**Aim of the task**
In the records below, find the line that contains "Create a vibrant, aesthetically" and the line that contains "2015年股票市场跌宕起伏,给股票定增带". Set down exactly those lines and every line between them, and nothing more.
::: Given entries :::
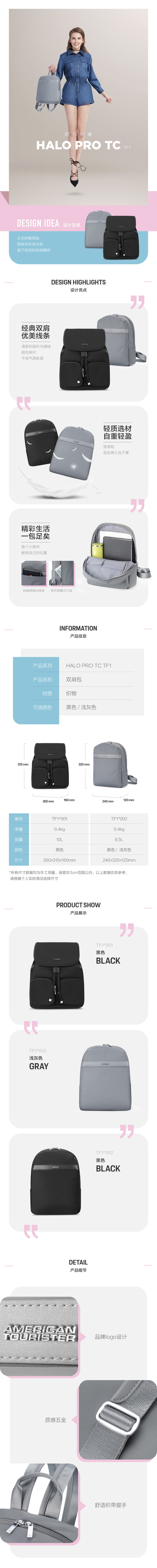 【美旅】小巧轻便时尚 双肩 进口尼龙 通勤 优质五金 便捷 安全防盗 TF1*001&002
:::
::: Given entries :::
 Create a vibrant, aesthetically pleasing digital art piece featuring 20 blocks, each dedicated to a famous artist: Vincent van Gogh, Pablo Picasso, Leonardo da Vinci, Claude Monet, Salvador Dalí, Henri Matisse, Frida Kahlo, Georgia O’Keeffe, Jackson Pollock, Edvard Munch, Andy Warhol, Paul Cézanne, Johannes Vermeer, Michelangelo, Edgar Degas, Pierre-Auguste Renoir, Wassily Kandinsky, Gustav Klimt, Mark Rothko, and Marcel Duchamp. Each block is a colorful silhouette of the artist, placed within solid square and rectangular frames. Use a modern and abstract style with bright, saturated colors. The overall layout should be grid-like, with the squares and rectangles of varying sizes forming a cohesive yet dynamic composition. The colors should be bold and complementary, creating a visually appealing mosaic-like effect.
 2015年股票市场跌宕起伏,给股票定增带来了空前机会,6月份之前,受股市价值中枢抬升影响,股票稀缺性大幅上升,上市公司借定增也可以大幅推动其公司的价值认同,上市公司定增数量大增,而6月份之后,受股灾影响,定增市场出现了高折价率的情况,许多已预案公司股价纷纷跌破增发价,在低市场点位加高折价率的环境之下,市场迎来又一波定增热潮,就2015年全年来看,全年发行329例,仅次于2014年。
:::
::: Given entries :::
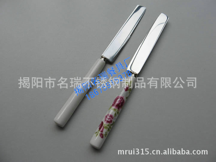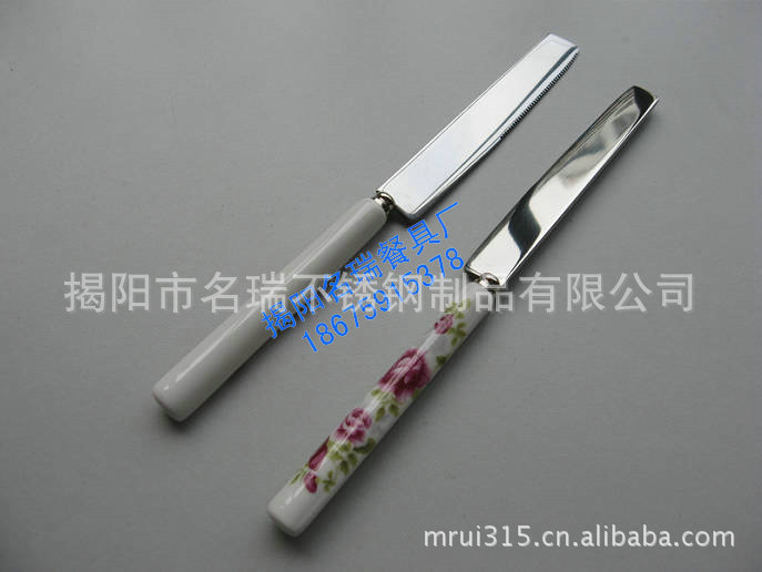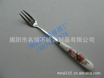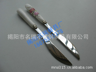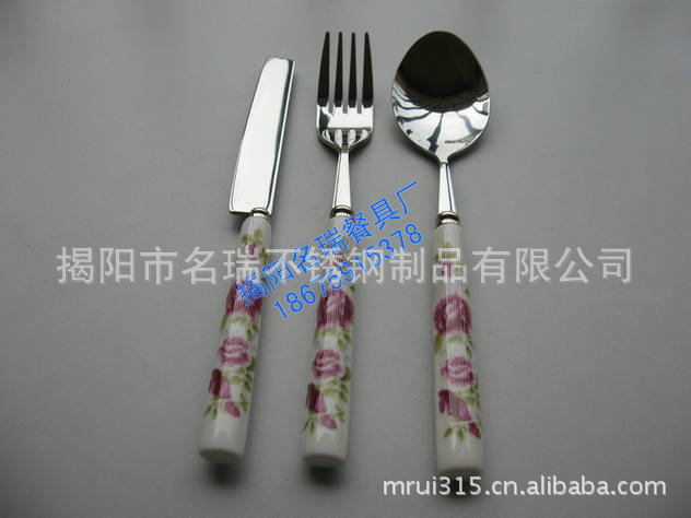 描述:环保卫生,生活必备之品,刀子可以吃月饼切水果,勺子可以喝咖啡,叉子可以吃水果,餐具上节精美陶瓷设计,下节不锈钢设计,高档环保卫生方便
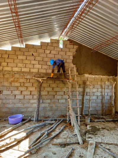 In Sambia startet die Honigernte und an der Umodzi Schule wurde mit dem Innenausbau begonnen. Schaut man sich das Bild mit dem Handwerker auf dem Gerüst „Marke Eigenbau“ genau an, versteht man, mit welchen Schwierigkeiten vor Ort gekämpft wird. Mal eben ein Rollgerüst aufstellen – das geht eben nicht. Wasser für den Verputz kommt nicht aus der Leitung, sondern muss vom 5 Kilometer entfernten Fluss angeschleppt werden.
:::
**Exercise output**
 Create a vibrant, aesthetically pleasing digital art piece featuring 20 blocks, each dedicated to a famous artist: Vincent van Gogh, Pablo Picasso, Leonardo da Vinci, Claude Monet, Salvador Dalí, Henri Matisse, Frida Kahlo, Georgia O’Keeffe, Jackson Pollock, Edvard Munch, Andy Warhol, Paul Cézanne, Johannes Vermeer, Michelangelo, Edgar Degas, Pierre-Auguste Renoir, Wassily Kandinsky, Gustav Klimt, Mark Rothko, and Marcel Duchamp. Each block is a colorful silhouette of the artist, placed within solid square and rectangular frames. Use a modern and abstract style with bright, saturated colors. The overall layout should be grid-like, with the squares and rectangles of varying sizes forming a cohesive yet dynamic composition. The colors should be bold and complementary, creating a visually appealing mosaic-like effect.
 2015年股票市场跌宕起伏,给股票定增带来了空前机会,6月份之前,受股市价值中枢抬升影响,股票稀缺性大幅上升,上市公司借定增也可以大幅推动其公司的价值认同,上市公司定增数量大增,而6月份之后,受股灾影响,定增市场出现了高折价率的情况,许多已预案公司股价纷纷跌破增发价,在低市场点位加高折价率的环境之下,市场迎来又一波定增热潮,就2015年全年来看,全年发行329例,仅次于2014年。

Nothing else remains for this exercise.